3. Eosinophil cationic protein

ECP, a cytotoxic protein predominantly released by eosinophils, has gained attention in the context of schizophrenia due to its potential involvement in neuroinflammatory processes within the CNS.[13] ECP, known for its antimicrobial properties and modulatory effects on immune responses, has been explored in various inflammatory conditions and is emerging as a putative contributor to neuroinflammation in schizophrenia. Study investigating peripheral biomarkers in schizophrenia has reported alterations in ECP levels in blood or cerebrospinal fluid of affected individuals.[14] Elevated ECP levels have been observed in some cases, suggesting a potential association between ECP dysregulation and the neuroinflammatory milieu characterizing schizophrenia. However, discrepancies among study findings necessitate further exploration to ascertain the specificity and reliability of ECP alterations in schizophrenia.[15]
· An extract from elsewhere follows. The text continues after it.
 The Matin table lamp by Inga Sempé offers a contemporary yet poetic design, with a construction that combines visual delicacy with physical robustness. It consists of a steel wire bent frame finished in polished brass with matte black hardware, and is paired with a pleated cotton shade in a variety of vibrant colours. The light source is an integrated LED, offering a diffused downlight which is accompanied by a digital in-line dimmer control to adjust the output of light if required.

ECP’s presence within the CNS and its potential impact on neuroinflammatory mechanisms in schizophrenia are of interest.[8] ECP, upon release, can exert cytotoxic effects on various cells and modulate immune responses. Its ability to interact with neuronal cells or glia and its potential influence on neuronal function and synaptic plasticity suggest a plausible role in the neuroinflammatory cascade observed in schizophrenia. ECP’s cytotoxic properties, including its ability to induce cell membrane damage and trigger apoptosis, raise questions about its potential neurotoxic effects within the CNS.[16] ECP’s interactions with neural cells might disrupt synaptic integrity, neuronal signaling pathways, or contribute to oxidative stress, potentially impacting neural function and neuronal viability relevant to schizophrenia pathology.
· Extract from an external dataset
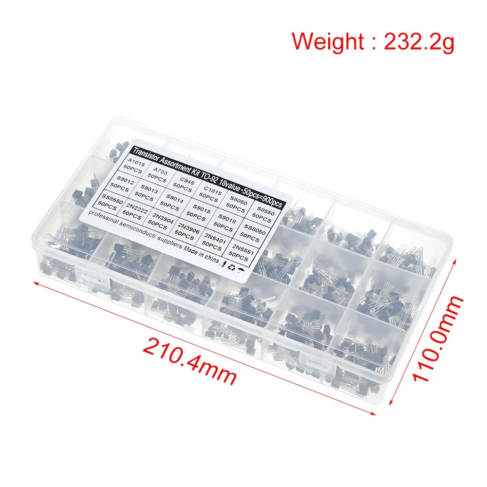 - Ideal for storing 900 pieces of electronic components including transistor and diode models such as S8050, S8550, 2N2222, 2N3904, 2N3906, S9013, S9014, S9015, S9018, SS8050, SS8550, and 2N5551 in SMD packages.

Understanding the mechanistic involvement of ECP in neuroinflammation associated with schizophrenia offers potential therapeutic implications. Strategies targeting ECP-related pathways or modulating its cytotoxic effects might represent novel avenues for interventions aimed at mitigating neuroinflammatory processes and ameliorating disease progression in schizophrenia. Despite emerging evidence, several challenges remain in elucidating the precise role of ECP in schizophrenia pathophysiology. Clarifying the dynamics of ECP alterations, its specific impact on CNS cells, and its contribution to the overall neuroinflammatory milieu in schizophrenia requires further detailed investigation.

4. Various assays to measure eosinophil cationic protein, for the importance of standardization of this parameter

Measuring ECP levels is crucial for understanding its role in various conditions, including allergic diseases, asthma, and potentially schizophrenia. Standardization of ECP measurement is essential to ensure consistency, reliability, and comparability of results across different laboratories and studies. Several assays are used to measure ECP, and standardization becomes particularly important for accurate interpretation and meaningful comparisons.[16] Here are some commonly used assays:

  • 1.

    Radioimmunoassay:

    • Principle: Utilizes a radioactive-labeled antibody to measure ECP levels.
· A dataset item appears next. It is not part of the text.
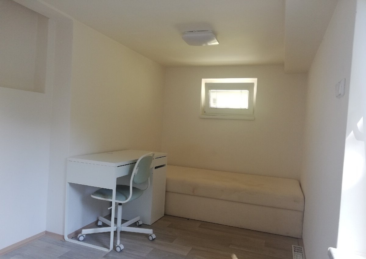 K pronájmu je mezonetový pokoj pro dvě osoby v třípatrovém cihlovém domě. Pokoj se nachází v přízemí a je orientovaný do zahrady. K dispozici je sdílená kuchyň a koupelna společná ještě se dvěma dalšími pokoji na stejném patře. Ideální pro studenty.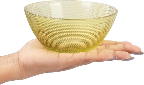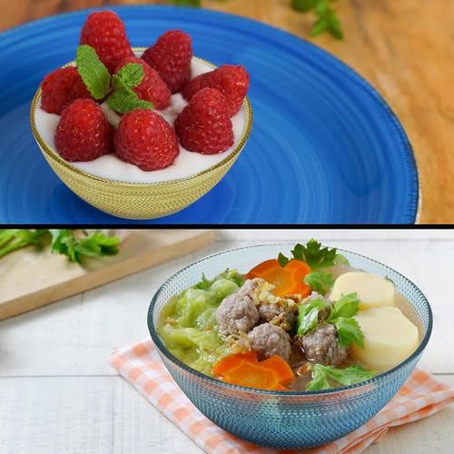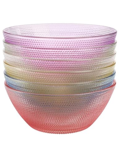 - FOOD-SAFE BOWLS: This set of 6 glass bowls is perfect for all of your food serving/meal prep needs. The bowls come in 5 translucent colours, including blue, purple, pink, yellow, and 2 clear bowls. Each bowl measures W11.3 x H5cm (4.45 x 1.97 inches), with a capacity of 350ml (12oz). Our versatile, food-safe bowls are great for many different purposes and will have many daily uses. When not in use, the bowls are stackable, saving on storage space and keeping your kitchen tidy.

    • Advantages: Sensitive and specific.

    • Importance of Standardization: Standardization is crucial for ensuring uniformity in antibody binding and signal detection across different laboratories.

  • 2.

    Enzyme-Linked Immunosorbent Assay:

    • Principle: Utilizes an enzyme-labeled antibody to measure ECP levels.

    • Advantages: High sensitivity and specificity, widely used.

    • Importance of Standardization: Standardization is necessary to minimize variations in antibody binding, reagent concentrations, and detection methods.

  • 3.

    Chemiluminescent Immunoassay:

    • Principle: Measures the light emitted during a chemical reaction involving enzymes and substrate.

    • Advantages: High sensitivity, broad dynamic range.

    • Importance of Standardization: Ensures consistency in reagent concentrations, incubation times, and detection systems.

  • 4.

    Fluorescent Immunoassay:

    • Principle: Uses fluorescence-labeled antibodies to measure ECP levels.

    • Advantages: High sensitivity, allows for multiplexing.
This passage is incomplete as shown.